Items from a dataset:
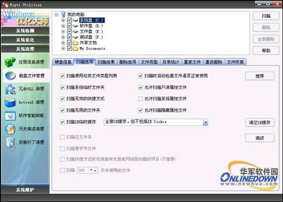 Windows优化大师系统清理界面
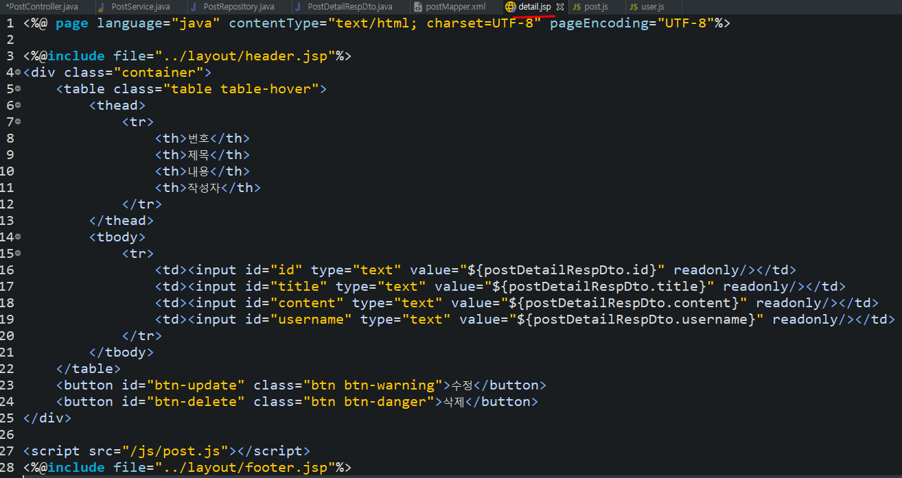 <td><input id="id" type="text" value="${postDetailRespDto.id}" readonly/></td>
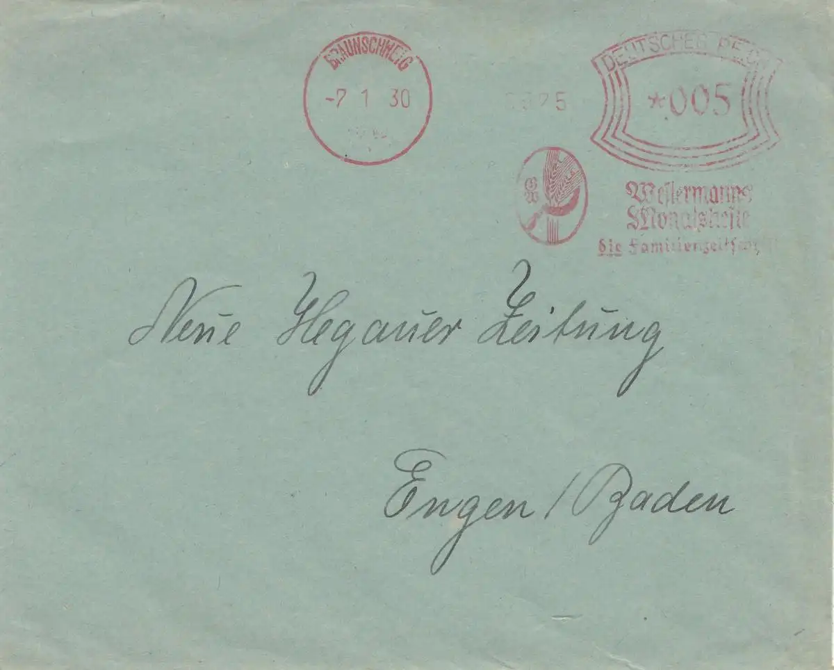 Freistempel Braunschweig: Westermanns Monatshefte bis Familienzeitschriften 1930
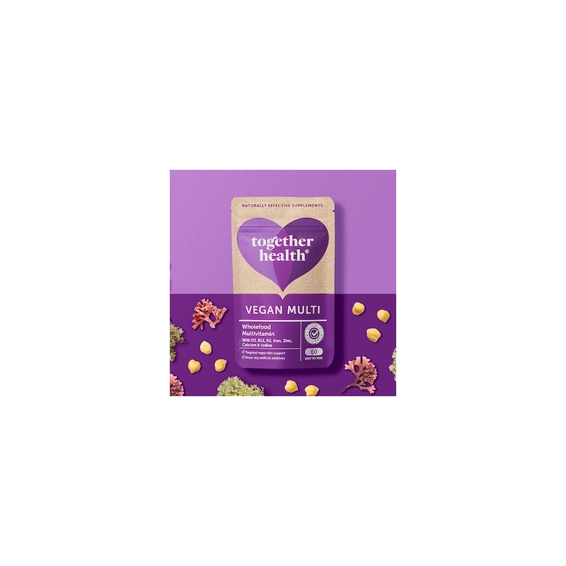 Vegan or vegetarian? Say hello to Together Health’s Vegan Multivitamin, topping you up with the vitamins and minerals that can be tricky to find in plant based diets. This Vegan Multi is made from foods, ocean sourced and plant-based ingredients. Our bodies absorb vitamins and minerals far better as part of a complete complex, while still staying gentle to the stomach.
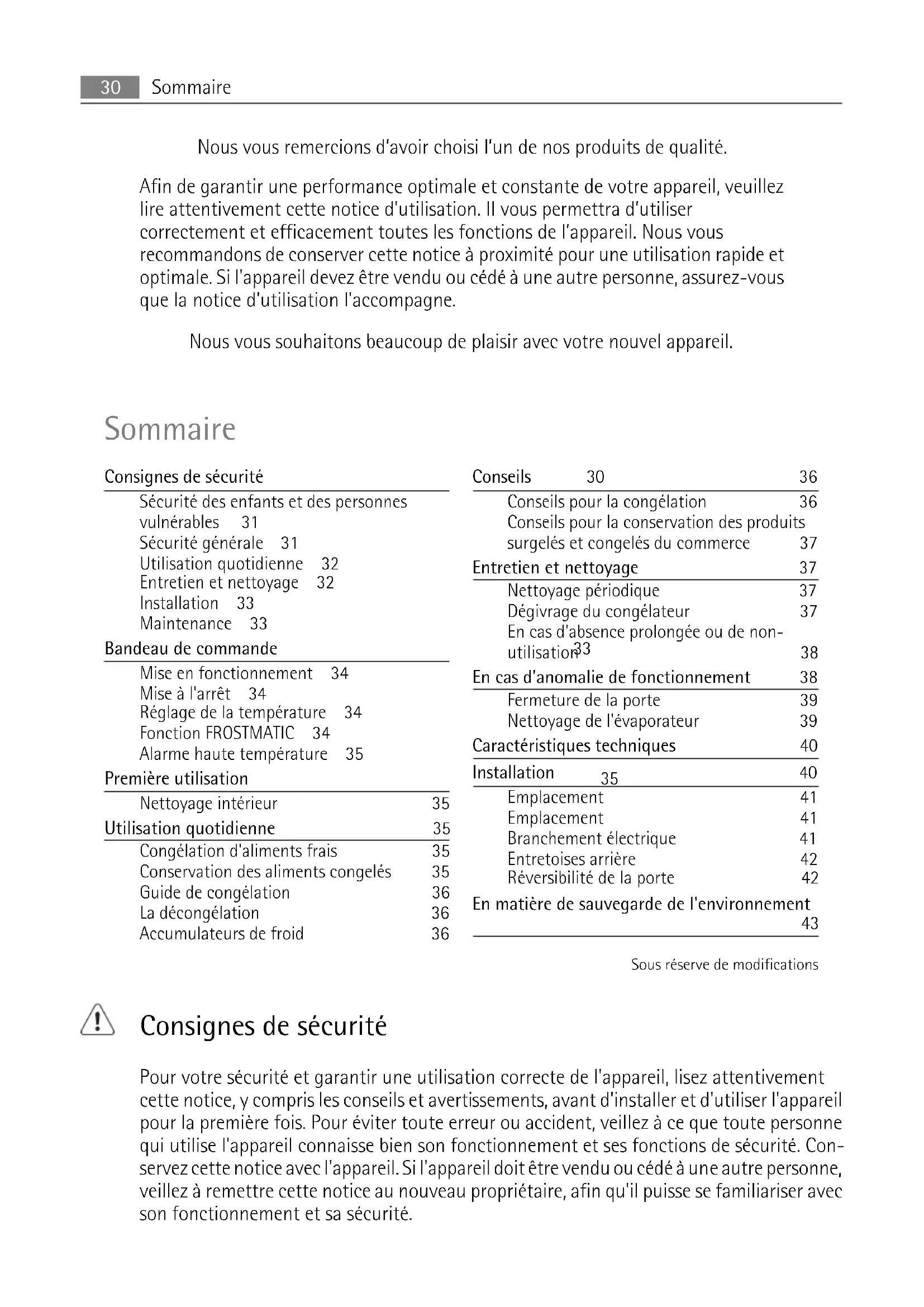 - The door opens and closes correctly. If the ambient temperature is cold (i.e. in Winter), the gasket may not fit perfectly to the cabinet. In that case, wait for the natural fitting of the gasket. Environmental concerns The symbol on the product or on its packaging indicates that this product may not be treated as household waste. Instead it should be taken to the appropriate collection point for the recycling of electrical and electronic equipment. By ensuring this product is disposed of correctly, you will help prevent potential negative consequences for the environment and human health, which could otherwise be caused by inappropriate waste handling of this product. For more detailed information about recycling of this product, please contact your local council, your household waste disposal service or the shop where you purchased the product. Environmental concerns 29Nous vous remercions d’avoir choisi l’un de nos produits de qualité. Afin de garantir une performance optimale et constante de votre appareil, veuillez lire attentivement cette notice d'utilisation. Il vous permettra d’utiliser correctement et efficacement toutes les fonctions de l’appareil. Nous vous recommandons de conserver cette notice à proximité pour une utilisation rapide et optimale. Si l'appareil devez être vendu ou cédé à une autre personne, assurez-vous que la notice d'utilisation l'accompagne. Nous vous souhaitons beaucoup de plaisir avec votre nouvel appareil. Sommaire Consignes de sécurité 30 Sécurité des enfants et des personnes vulnérables 31 Sécurité générale 31 Utilisation quotidienne 32 Entretien et nettoyage 32 Installation 33 Maintenance 33 Bandeau de commande 33 Mise en fonctionnement 34 Mise à l'arrêt 34 Réglage de la température 34 Fonction FROSTMATIC 34 Alarme haute température 35 Première utilisation 35 Nettoyage intérieur 35 Utilisation quotidienne 35 Congélation d'aliments frais 35 Conservation des aliments congelés 35 Guide de congélation 36 La décongélation 36 Accumulateurs de froid 36 Conseils 36 Conseils pour la congélation 36 Conseils pour la conservation des produits surgelés et congelés du commerce 37 Entretien et nettoyage 37 Nettoyage périodique 37 Dégivrage du congélateur 37 En cas d'absence prolongée ou de non- utilisation 38 En cas d'anomalie de fonctionnement 38 Fermeture de la porte 39 Nettoyage de l'évaporateur 39 Caractéristiques techniques 40 Installation 40 Emplacement 41 Emplacement 41 Branchement électrique 41 Entretoises arrière 42 Réversibilité de la porte 42 En matière de sauvegarde de l'environnement
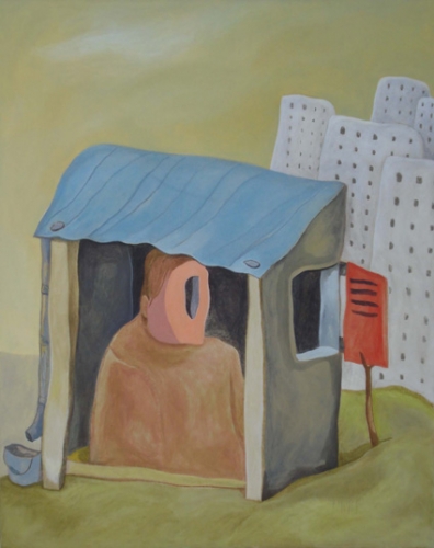Né en 1972, cet artiste valaisan, fils de peintre, issu de l’ESAV (Ecole Supérieur d’Arts Visuels, Genève), expose et publie régulièrement depuis une vingtaine d’années. Il vit et travaille à Lausanne depuis 1991. Alexandre Loye aime voyager à pied, en observateur. Il peint ce qu’il a vu selon ce qu’il en a retenu, tel que son esprit l’a perçu. Dans son atelier, à l’aide de pigments qu’il mélange à la caséine, il redonne vie aux images familières, en un vocabulaire qu’il conjugue de multiples façons sur la toile: un arbre devant un immeuble, un arbre dans un immeuble, un arbre sur une main, un immeuble sur un arbre, l’arbre plus petit ou plus grand que l’immeuble... Les images du dehors deviennent alors comme un intérieur, qu’il rend feutré par un tracé simplifié, calme et rond, et par la douceur et la légèreté de ses teintes. Un personnage énigmatique apparaît parfois, qui semble passer d’une image à l’autre, faisant ou défaisant le fil d’une histoire imaginaire.Comme la chronique d’un univers protégé, où l’agressivité urbaine a été apprivoisée et mise sous cloche, la vision d’Alexandre Loye nous emporte dans une réalité cocasse et suspendue, empreinte d’un parfum d’innocence retrouvée...
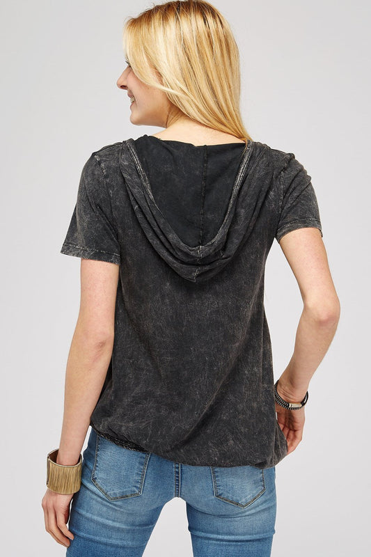 Black Mineral Washed V-Neck Short Sleeve With oyalty Angel Wings
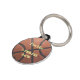 Een basketbalbal, versleten maar nog steeds helder van kleur.
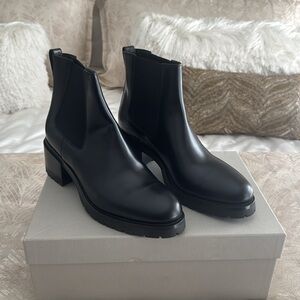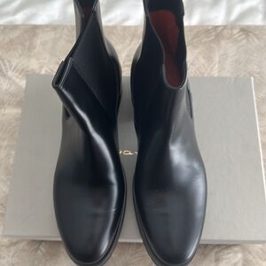New Santoni ankle boot. Box included black leather with lug sole. Mint!
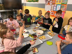 Dzieci z wielkim zaangażowaniem wybierały swoje ulubione owoce i warzywa, układały na patyczkach tworząc prawdziwe dzieła sztuki kulinarnej. Wśród składników znalazły się m.in. winogrono, jabłko, kiwi, borówka, banan, marchewka, ogórek, papryka – wszystko świeże, kolorowe i przede wszystkim zdrowe. Chętnie zajadały przygotowane owocowo-warzywne smakołyki.
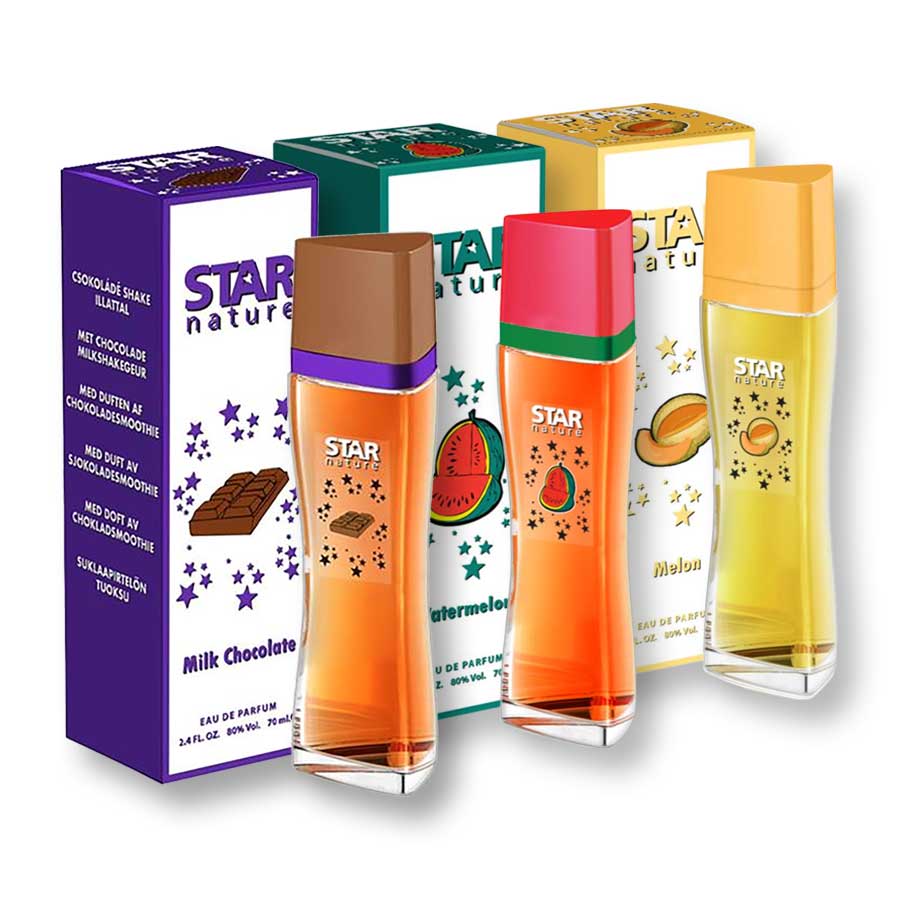 Cégünk saját gyártású parfüm családja a STAR NATURE Parfüm sorozat. Cégünk legsikeresebb Női Parfümjei! A Vattacukros parfüm szinte minden hálózatban kötelező, hogy szerepeljen a polcokon! Megtalálhatóak a TESCO,  AUCHAN, DM, ROSMANN, EURO FAMILY polcain, hogy csak egy párat említsünk.

**What is needed**
Please return only the lines from the one holding "Black Mineral Washed" through the end of the data, both ends included; do not copy any pictures.

**Solution for this exercise**
 Black Mineral Washed V-Neck Short Sleeve With oyalty Angel Wings
 Een basketbalbal, versleten maar nog steeds helder van kleur.
New Santoni ankle boot. Box included black leather with lug sole. Mint!
 Dzieci z wielkim zaangażowaniem wybierały swoje ulubione owoce i warzywa, układały na patyczkach tworząc prawdziwe dzieła sztuki kulinarnej. Wśród składników znalazły się m.in. winogrono, jabłko, kiwi, borówka, banan, marchewka, ogórek, papryka – wszystko świeże, kolorowe i przede wszystkim zdrowe. Chętnie zajadały przygotowane owocowo-warzywne smakołyki.
 Cégünk saját gyártású parfüm családja a STAR NATURE Parfüm sorozat. Cégünk legsikeresebb Női Parfümjei! A Vattacukros parfüm szinte minden hálózatban kötelező, hogy szerepeljen a polcokon! Megtalálhatóak a TESCO,  AUCHAN, DM, ROSMANN, EURO FAMILY polcain, hogy csak egy párat említsünk.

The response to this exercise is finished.